Over the past few years, South Korean regulators have demonstrated a consistent commitment to enforcing compliance within the cryptocurrency sector. Previous actions, such as back in 2022, when the FIU requested the KCSC to block 16 unregistered exchanges, signal a longstanding focus on regulatory adherence. Such measures have resulted in several exchanges suspending operations within South Korea, reflecting a market that is increasingly hostile to non-compliant players.
As a part of their efforts to maintain market integrity, South Korean authorities are also collaborating with card companies to prevent payments intended for virtual goods and services. This initiative has further marginalized non-registered exchanges, forcing them to evaluate their market strategies and compliance status.

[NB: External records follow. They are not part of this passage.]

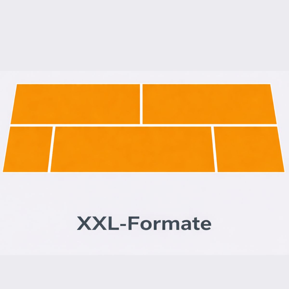 Von klassischen rechteckigen Platten über großformatige XXL-Fliesen bis hin zu Natursteindielen, Römischem Verband und maßgefertigten Sonderzuschnitten – unsere Formatauswahl unterstützt jede Art von Gestaltungsidee.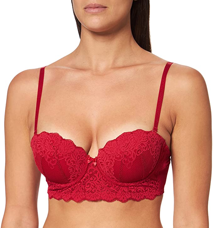 Изрязана от прозрачна, еластична дантела, която приляга нежно към кожата Дизайнът без презрамки се отличава с лека подплата, долна жила и по-широк ластик на гърба, за да осигури опора без хлъзгане Конвертируемите презрамки могат да се носят по пет различни начина: без презрамки, презрамки, на едно рамо, прави или кръстосани отзад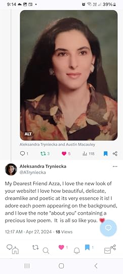 My fellow authoress and dearest friend Aleksandra Tryniecka wrote on X (twitter) two splendid and heartwarming short reviews on my updated official poetry website.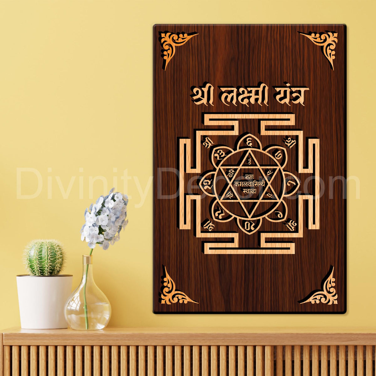 Shree Laxami Yantra For Gifting and Home Decor Wooden Wall Decor, Wall Hanging - 157 - 8x12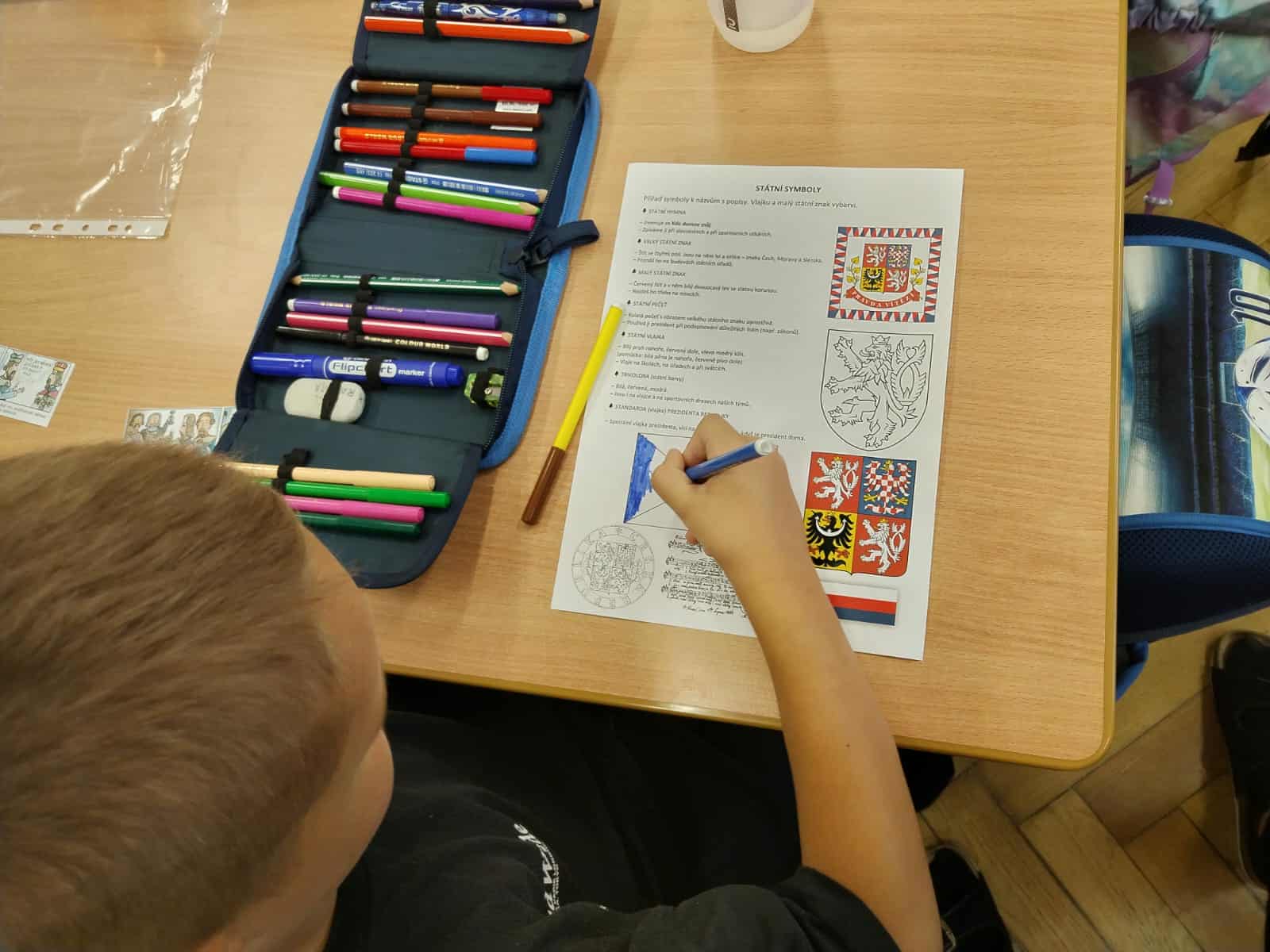 🎨 Poznávali jsme státní symboly a doplňovali text české hymny.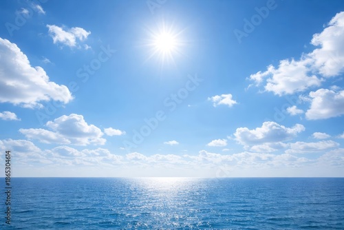 © TheWaterMeloonProjec, Obraz premium Clear daylight horizon with white clouds and bright sunshine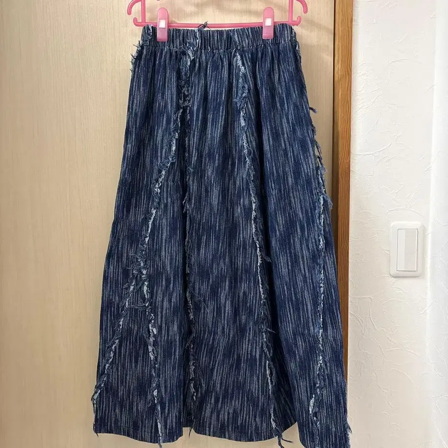 rccat 프린지 가공 다크 블루 롱 스커트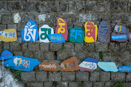 McLeod Ganj, India - May 2021: Prayer stones located around the Tsuglagkhang Complex on May 21, 2021 in Dharamshala, Himachal Pradesh, India.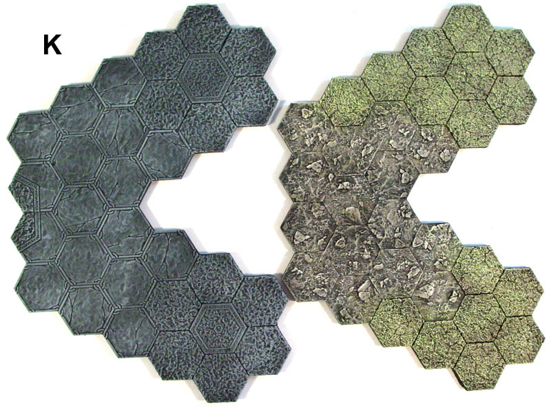 | 4. | Trimming the PiecesYou will need to trim pieces "H" and "K". Each of these pieces has an interior group of three hexes that will be too small to fit three pillars into. This happens because the hexes are an exact size and painting the pieces adds thickness. However, this is easy to fix. Take a hobby knife to trim off the paint and enlarge the holes. Then test fit pieces around it to make sure that you can fit any configuration of walls inside of these spaces easily. After you trim them out to your satisfaction, color the bare edges using a black magic marker. |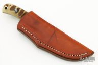 This skinner by John Young features a mirror finished blade with notched thumbrest, .137" blade stock and .972" blade depth, full tapered tang construction. The handle has engraved stainless steel guard, ram's horn scales with red liners and engraved pins. Comes with a brown leather sheath and zippered case. Has some light scratches on the blade, otherwise excellent condition.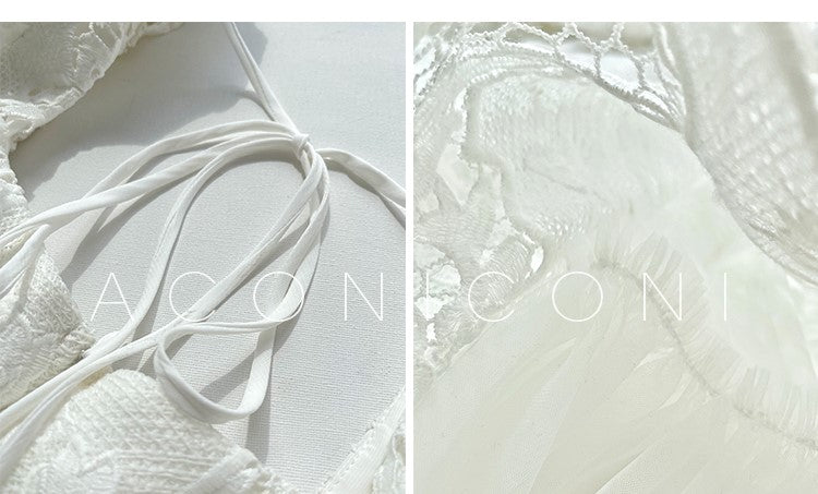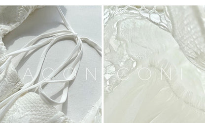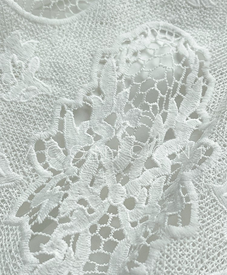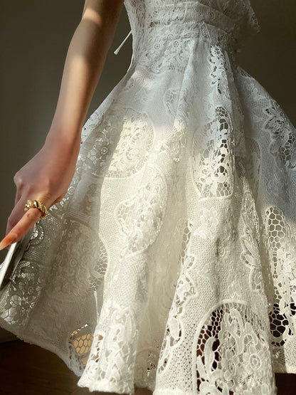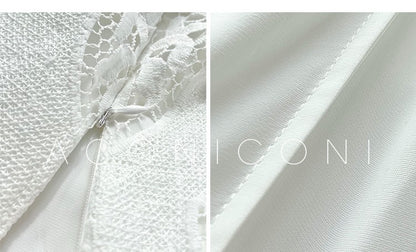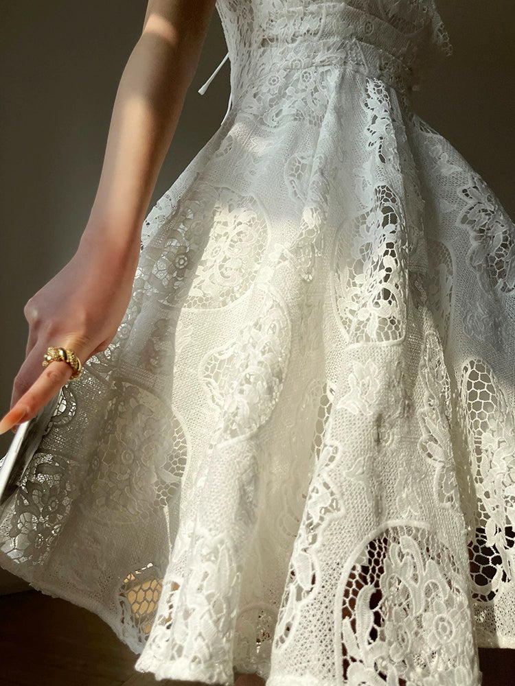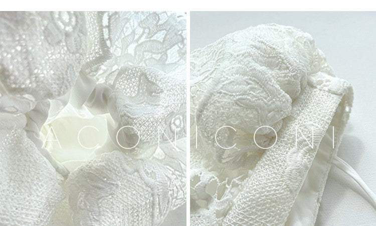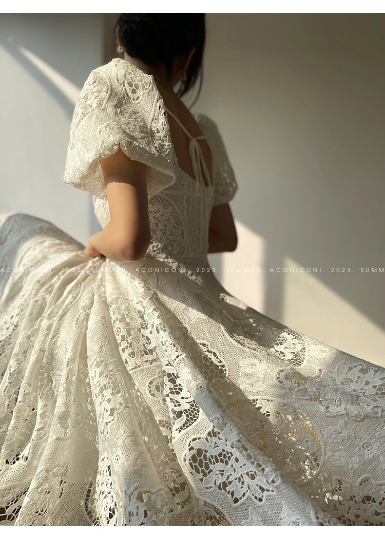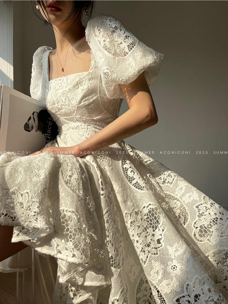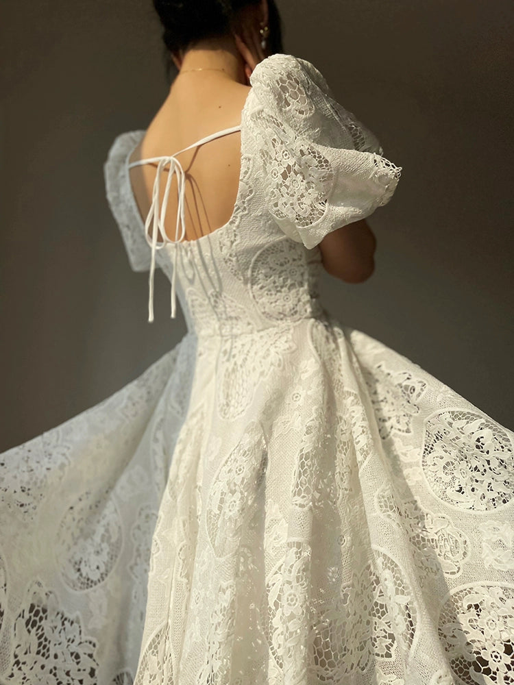 Aconiconi Luxury White French Style Short Puff Sleeve Lace A-Line Dress - White Tea Story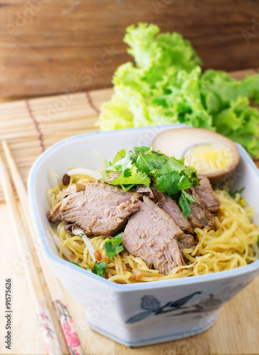 egg noodle with boiled duck in bowl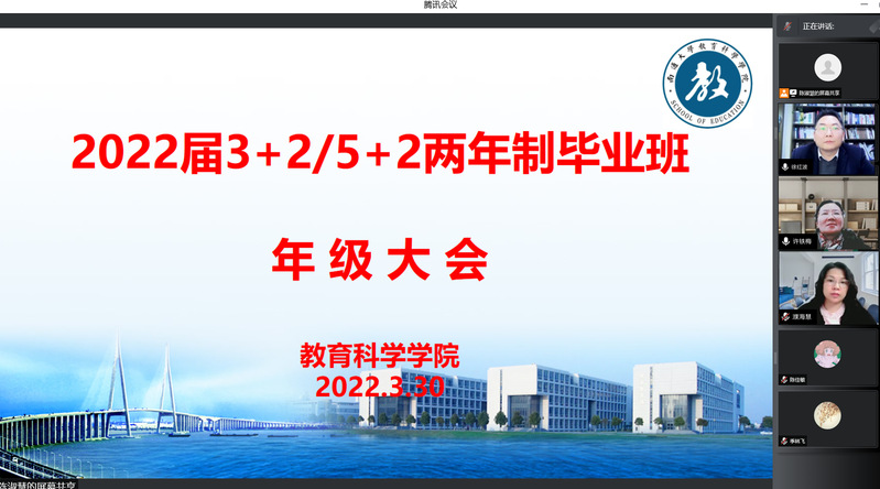 3月30日晚,365英国上市集团3+2、5+2毕业生年级大会通过腾讯会议在线上举行。学院副书记副院长徐红波、副院长许铁梅、初教系主任濮海慧、学工办主任陈淑慧以及140名毕业班学生参加此次会议。

While South Korean officials work to uphold regulation, they must also balance these actions against public interest, as approximately 30% of South Koreans are reported to own some form of cryptocurrency. This dual approach seeks to protect consumers while enabling innovation within a heavily scrutinized space.
The Bank of Korea is taking measured steps as well; it recently announced an impending Central Bank Digital Currency (CBDC) pilot project set to roll out in April 2025. This anticipated initiative will last approximately three months and aims to explore new avenues of financial technology while reinforcing the need for stringent regulatory frameworks.
Overall, the scrutiny and enforcement actions taken against foreign and domestic cryptocurrency exchanges mark a significant moment for South Korea's regulatory landscape. As global trends continue to mold the crypto framework and local authorities prioritize user protection and compliance, the road ahead for cryptocurrency within South Korea remains under intense examination.
Industry observers will be watching closely to see how these measures impact not only the exchanges under investigation but also the broader cryptocurrency market across the nation.